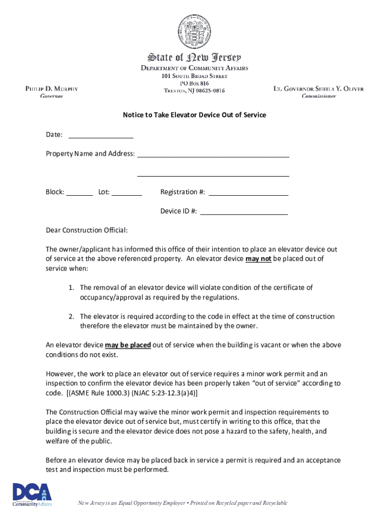 Notice to Take Elevator Device Out of Service Date: ___ Property Name and Address: ___ ___ Block: ___ Lot: ___Registration #: ___ Device ID #: ___Dear Construction Official: The owner/applicant has
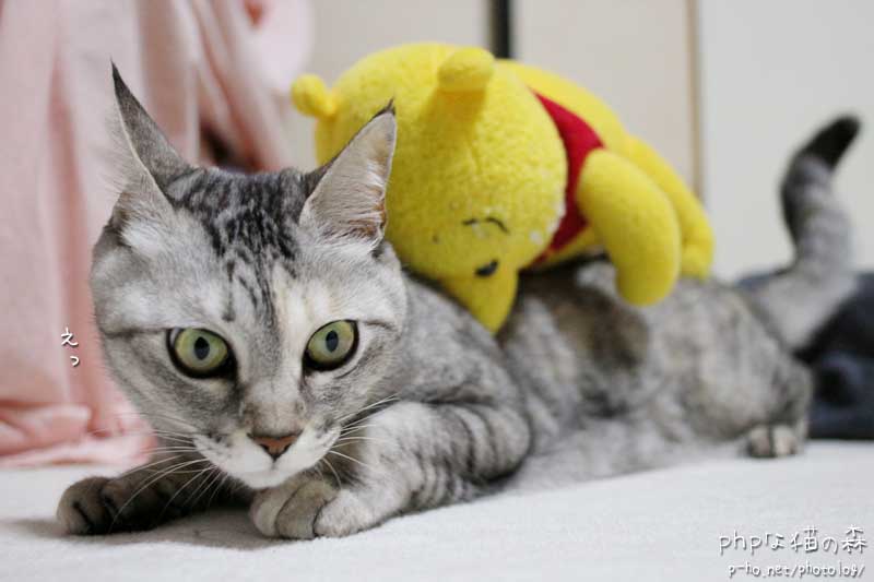 仲良しのぷーちゃんなので、無下には落とせない。 コタツの中で足の上に乗られた、とーちの気持ちがわかるでしょ。
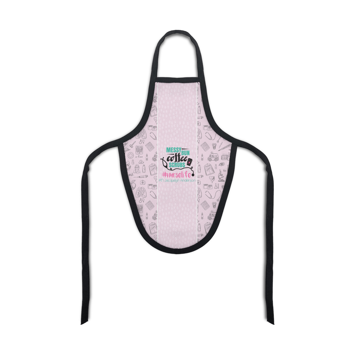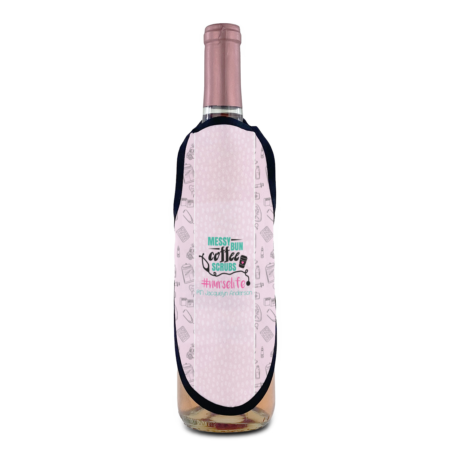 This design features a quote saying "messy bun, coffee, scrubs, #nurselife." The background has two different subtle patterns. One has subtle dots, while the other has fun illustrations of different medical tools and symbols. The two backgrounds are a soft pink. The quote has several different colors including pink, black, and teal.
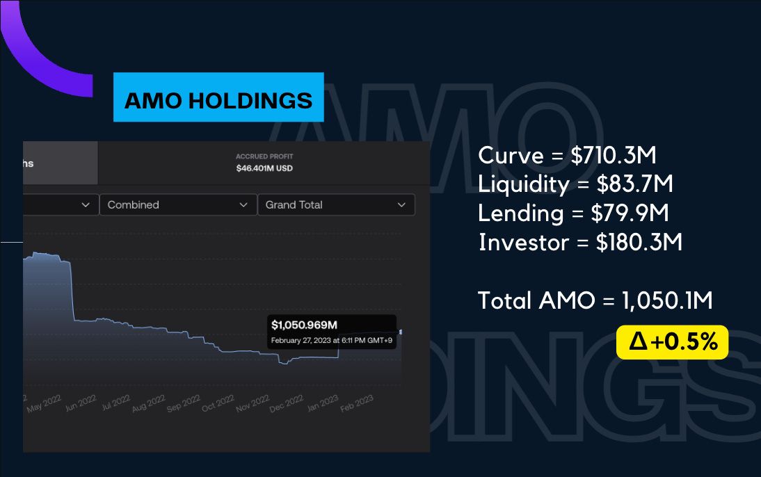 Finally, let’s jump into our profitability section starting an overview of the AMO holdings.  We have a grand total of $1050M across all the AMOs.  The Curve AMO is at 710M, Liquidity $83M, Lending $79.9M, and Investor 180M.
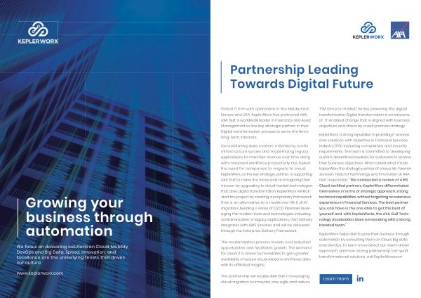 KeplerWorx , a strong reputation in providing IT services and solutions with expertise in Financial Services Industry ( FSI ) including compliance and security requirements . The team is committed to developing custom , streamlined solutions for customers to achieve their business objectives . When asked what made KeplerWorx the strategic partner of choice , Mr . Yannick Janssen , Head of Technology and Innovation at AXA Gulf responded , “ We conducted a review of AWS Cloud certified partners , KeplerWorx differentiated themselves in terms of strategic approach , strong technical capabilities , without forgetting an extensive experience in Financial Services . The best partner you can have is the one able to get the best of yourself and , with KeplerWorkx , the AXA Gulf Technology Acceleration team is innovating with a strong blended team .”
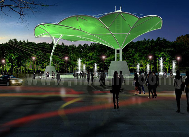 膜材采用PVDF国产或者进口建筑膜材、PTFE玻璃纤维建筑膜材、ETFE透明的永久性建筑膜材;自动放样裁剪,高频焊接,拉伸效果超强,曲线成型可千变万化;膜材质保一般可达15-20年。
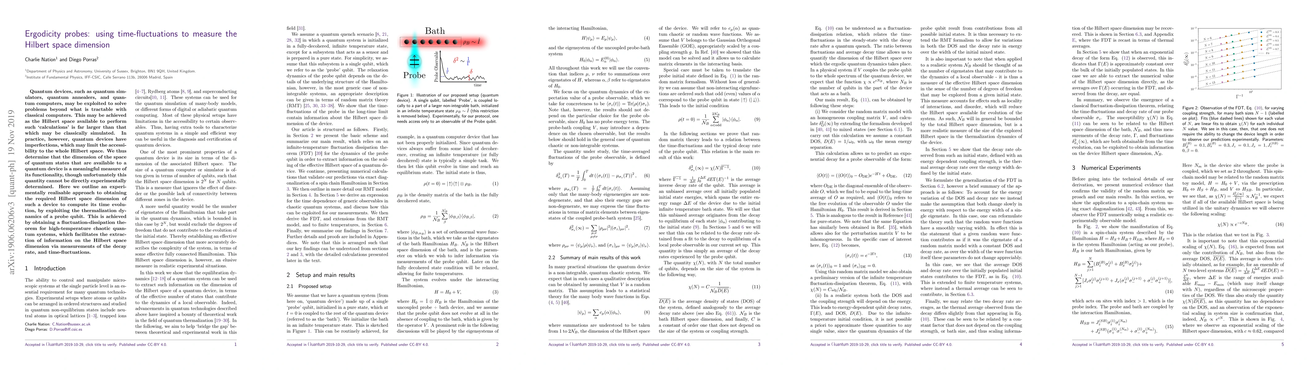 Quantum devices, such as quantum simulators, quantum annealers, and quantum computers, may be exploited to solve problems beyond what is tractable with classical computers. This may be achieved as the Hilbert space available to perform such `calculations' is far larger than that which may be classically simulated. In practice, however, quantum devices have imperfections, which may limit the accessibility to the whole Hilbert space. We thus determine that the dimension of the space of quantum states that are available to a quantum device is a meaningful measure of its functionality, though unfortunately this quantity cannot be directly experimentally determined. Here we outline an experimentally realisable approach to obtaining the required Hilbert space dimension of such a device to compute its time evolution, by exploiting the thermalization dynamics of a probe qubit. This is achieved by obtaining a fluctuation-dissipation theorem for high-temperature chaotic quantum systems, which facilitates the extraction of information on the Hilbert space dimension via measurements of the decay rate, and time-fluctuations.
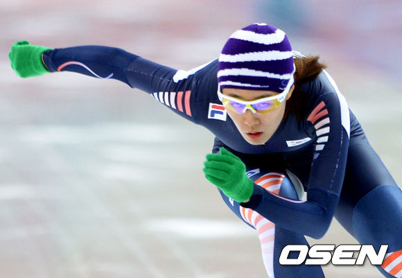11일(한국시간) 러시아 소치 아들레르 아레나 경기장에서 스피드스케이팅 여자 500m 1차전이 열리기 전 이상화가 트랙에서 연습을 하고 있다.
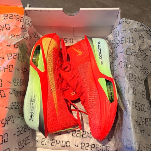 Nike Air Zoom Alphafly Next% 3 løpesko i størrelse 38, rød farge. Skoene er designet for løping og har teknologier som ZoomX-skum for demping og støtte under løpeøkter.
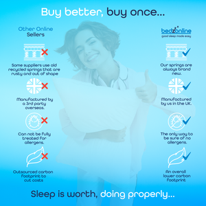 All our mattresses are designed and manufactured in the UK and are fully compliant with all UK regulations (BS 7177:2008 for Domestic Use).
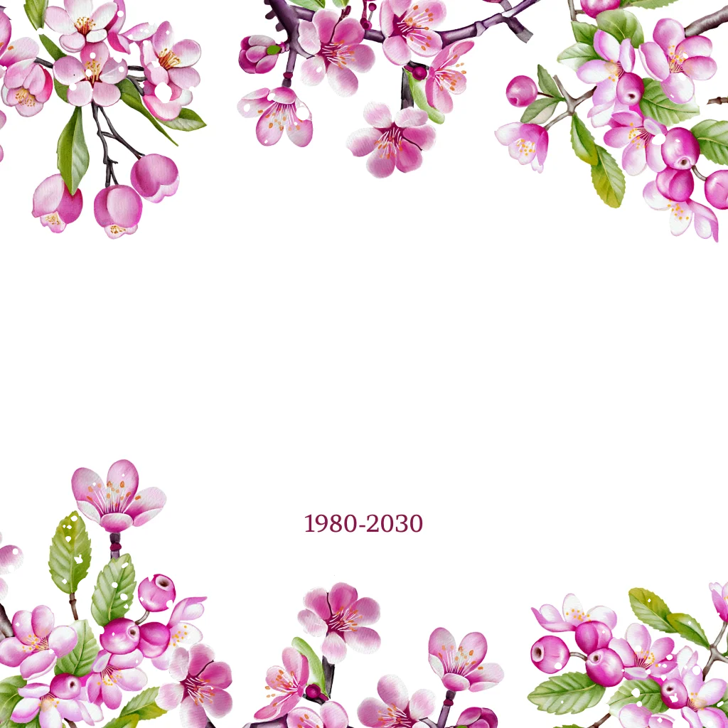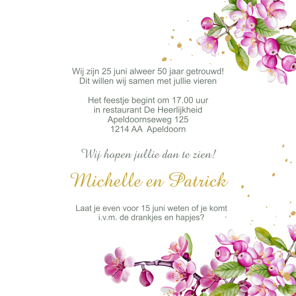 Uitnodiging voor een 50 jarig huwelijksfeest jubileum met roze bloesem takjes en op de voorkant namen in goudfolie. (24459)
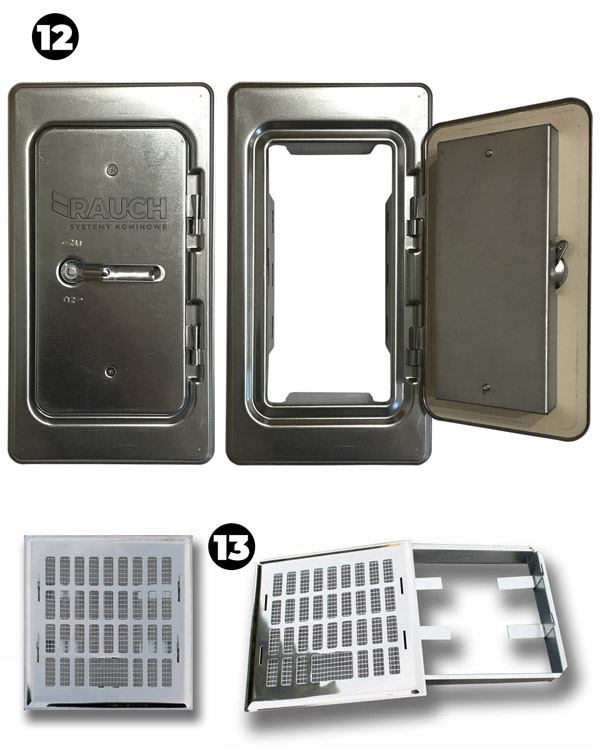 Wysokiej jakości izolowane wełną (12) DRZWICZKI KOMINOWE , niemieckiego producenta, gwarantują bezpieczeństwo oraz szczelność przewodu kominowego.
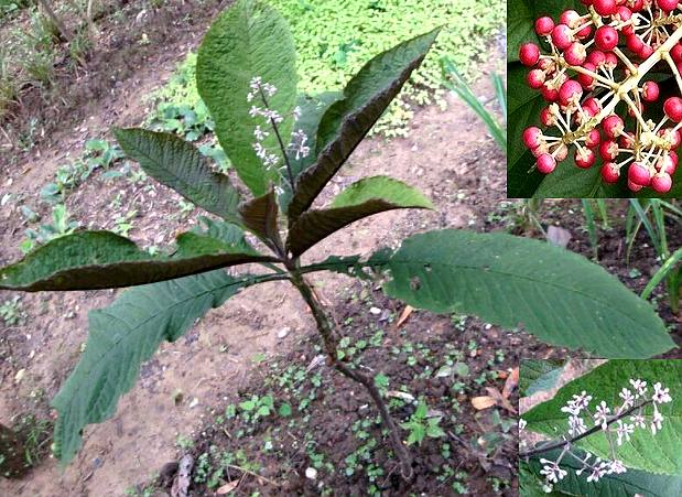 常绿小灌木。根茎呈念珠状,膨大,粗壮。叶通常集于枝端,纸质;叶片长椭圆形或长圆状披针形,长20~40厘米,宽达13厘米,先端渐尖,基部渐狭而成一短柄。边缘有细锯齿,下面红色。圆锥花序顶生;花淡紫色;萼片5裂,裂片近三角形;花冠5深裂,裂片卵形至广卵圆形,长约3毫米;雄蕊着生于花冠管的基部;子房上位,花柱线形,浆果圆形,熟时红色,具细长的果柄。花期4~7月。果期10~12月。

» Exercise
Repeat the listing above up to and including the line with "膜材采用PVDF国产或者进口", starting from its first line. Drop any pictures.

» Answer box
 Notice to Take Elevator Device Out of Service Date: ___ Property Name and Address: ___ ___ Block: ___ Lot: ___Registration #: ___ Device ID #: ___Dear Construction Official: The owner/applicant has
 仲良しのぷーちゃんなので、無下には落とせない。 コタツの中で足の上に乗られた、とーちの気持ちがわかるでしょ。
 This design features a quote saying "messy bun, coffee, scrubs, #nurselife." The background has two different subtle patterns. One has subtle dots, while the other has fun illustrations of different medical tools and symbols. The two backgrounds are a soft pink. The quote has several different colors including pink, black, and teal.
 Finally, let’s jump into our profitability section starting an overview of the AMO holdings.  We have a grand total of $1050M across all the AMOs.  The Curve AMO is at 710M, Liquidity $83M, Lending $79.9M, and Investor 180M.
 KeplerWorx , a strong reputation in providing IT services and solutions with expertise in Financial Services Industry ( FSI ) including compliance and security requirements . The team is committed to developing custom , streamlined solutions for customers to achieve their business objectives . When asked what made KeplerWorx the strategic partner of choice , Mr . Yannick Janssen , Head of Technology and Innovation at AXA Gulf responded , “ We conducted a review of AWS Cloud certified partners , KeplerWorx differentiated themselves in terms of strategic approach , strong technical capabilities , without forgetting an extensive experience in Financial Services . The best partner you can have is the one able to get the best of yourself and , with KeplerWorkx , the AXA Gulf Technology Acceleration team is innovating with a strong blended team .”
 膜材采用PVDF国产或者进口建筑膜材、PTFE玻璃纤维建筑膜材、ETFE透明的永久性建筑膜材;自动放样裁剪,高频焊接,拉伸效果超强,曲线成型可千变万化;膜材质保一般可达15-20年。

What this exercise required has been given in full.